→ Your assignment
Although the listing contains pictures, reproduce only its text, exactly as written.

Top of Entries supplied

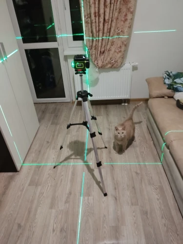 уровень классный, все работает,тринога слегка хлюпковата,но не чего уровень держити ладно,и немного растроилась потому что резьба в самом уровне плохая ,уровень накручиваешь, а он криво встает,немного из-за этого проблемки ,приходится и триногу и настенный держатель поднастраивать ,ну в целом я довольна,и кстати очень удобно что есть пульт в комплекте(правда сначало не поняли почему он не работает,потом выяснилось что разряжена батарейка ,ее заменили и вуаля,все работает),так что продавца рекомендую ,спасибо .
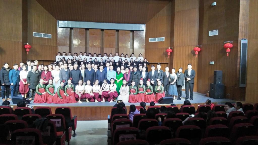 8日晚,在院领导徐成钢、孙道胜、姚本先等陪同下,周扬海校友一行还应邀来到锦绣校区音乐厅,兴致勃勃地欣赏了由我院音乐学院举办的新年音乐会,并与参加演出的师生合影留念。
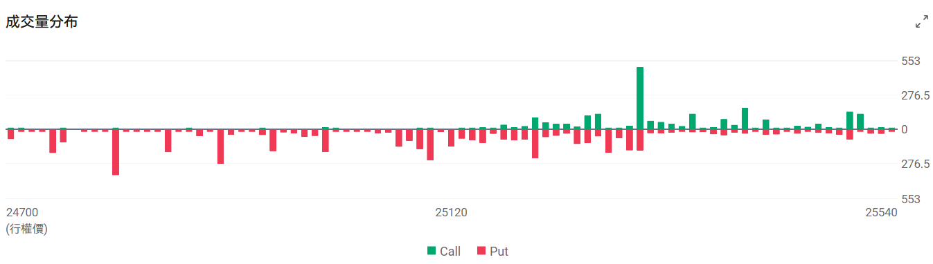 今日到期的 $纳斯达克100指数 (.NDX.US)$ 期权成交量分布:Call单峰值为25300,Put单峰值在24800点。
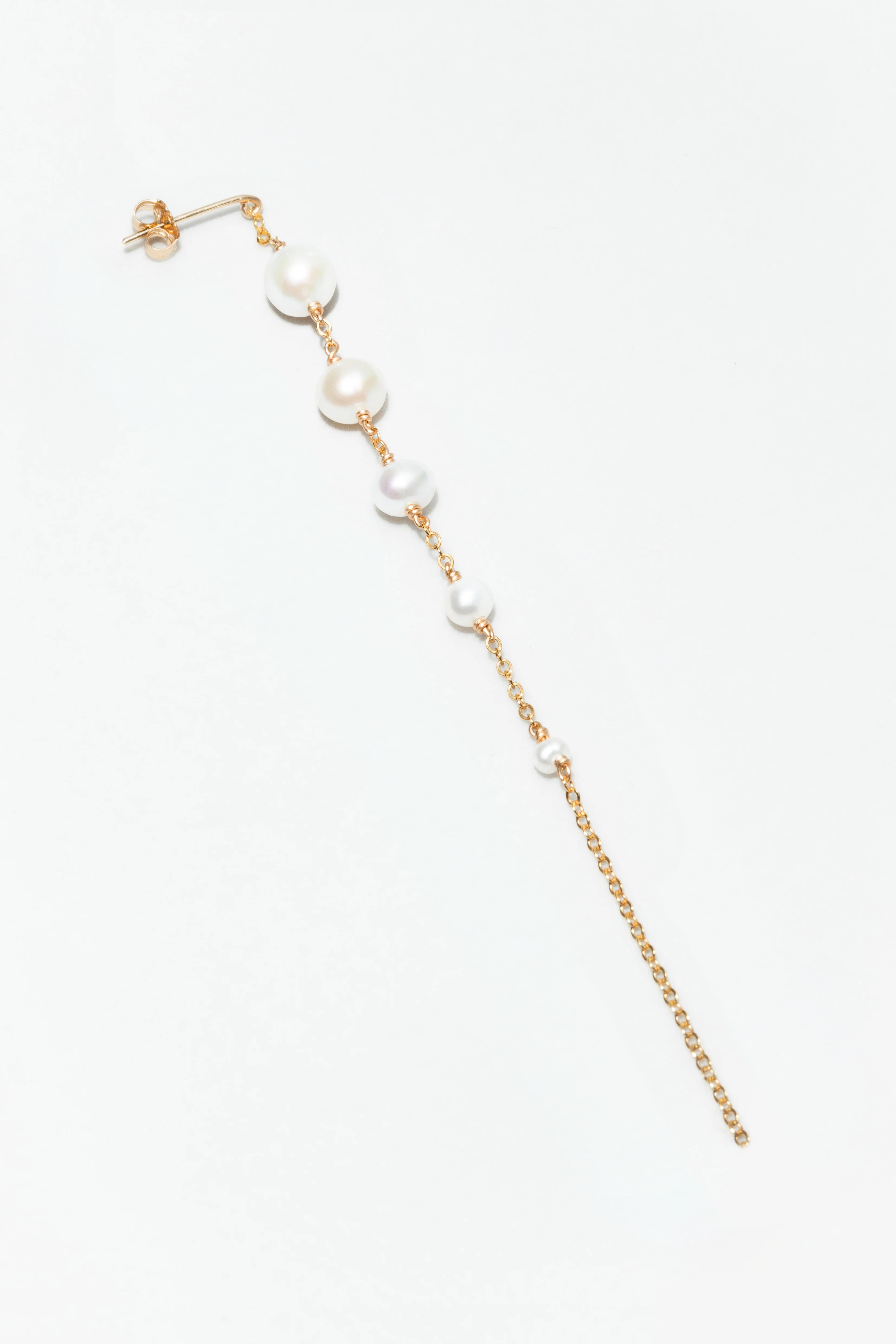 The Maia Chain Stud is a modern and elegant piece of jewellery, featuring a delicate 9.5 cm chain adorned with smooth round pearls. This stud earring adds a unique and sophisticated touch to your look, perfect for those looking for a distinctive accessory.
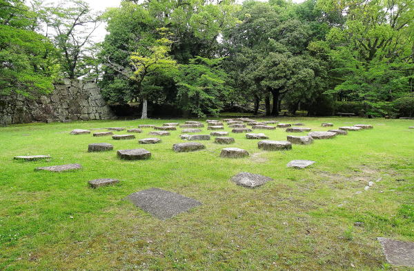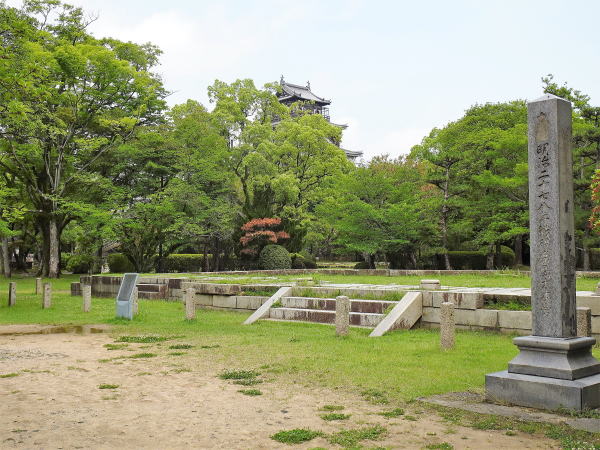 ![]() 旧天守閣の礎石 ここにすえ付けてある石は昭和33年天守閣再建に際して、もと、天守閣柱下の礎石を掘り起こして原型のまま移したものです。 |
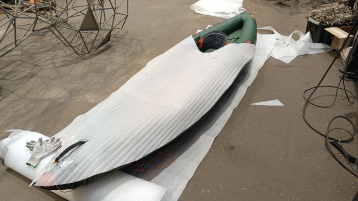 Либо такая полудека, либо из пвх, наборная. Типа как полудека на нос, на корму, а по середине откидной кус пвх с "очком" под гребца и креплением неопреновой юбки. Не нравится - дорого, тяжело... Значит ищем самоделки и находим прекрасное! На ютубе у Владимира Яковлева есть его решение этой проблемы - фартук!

Bottom of Entries supplied

→ Task output
 уровень классный, все работает,тринога слегка хлюпковата,но не чего уровень держити ладно,и немного растроилась потому что резьба в самом уровне плохая ,уровень накручиваешь, а он криво встает,немного из-за этого проблемки ,приходится и триногу и настенный держатель поднастраивать ,ну в целом я довольна,и кстати очень удобно что есть пульт в комплекте(правда сначало не поняли почему он не работает,потом выяснилось что разряжена батарейка ,ее заменили и вуаля,все работает),так что продавца рекомендую ,спасибо .
 8日晚,在院领导徐成钢、孙道胜、姚本先等陪同下,周扬海校友一行还应邀来到锦绣校区音乐厅,兴致勃勃地欣赏了由我院音乐学院举办的新年音乐会,并与参加演出的师生合影留念。
 今日到期的 $纳斯达克100指数 (.NDX.US)$ 期权成交量分布:Call单峰值为25300,Put单峰值在24800点。
 The Maia Chain Stud is a modern and elegant piece of jewellery, featuring a delicate 9.5 cm chain adorned with smooth round pearls. This stud earring adds a unique and sophisticated touch to your look, perfect for those looking for a distinctive accessory.
 ![]() 旧天守閣の礎石 ここにすえ付けてある石は昭和33年天守閣再建に際して、もと、天守閣柱下の礎石を掘り起こして原型のまま移したものです。 |
 Либо такая полудека, либо из пвх, наборная. Типа как полудека на нос, на корму, а по середине откидной кус пвх с "очком" под гребца и креплением неопреновой юбки. Не нравится - дорого, тяжело... Значит ищем самоделки и находим прекрасное! На ютубе у Владимира Яковлева есть его решение этой проблемы - фартук!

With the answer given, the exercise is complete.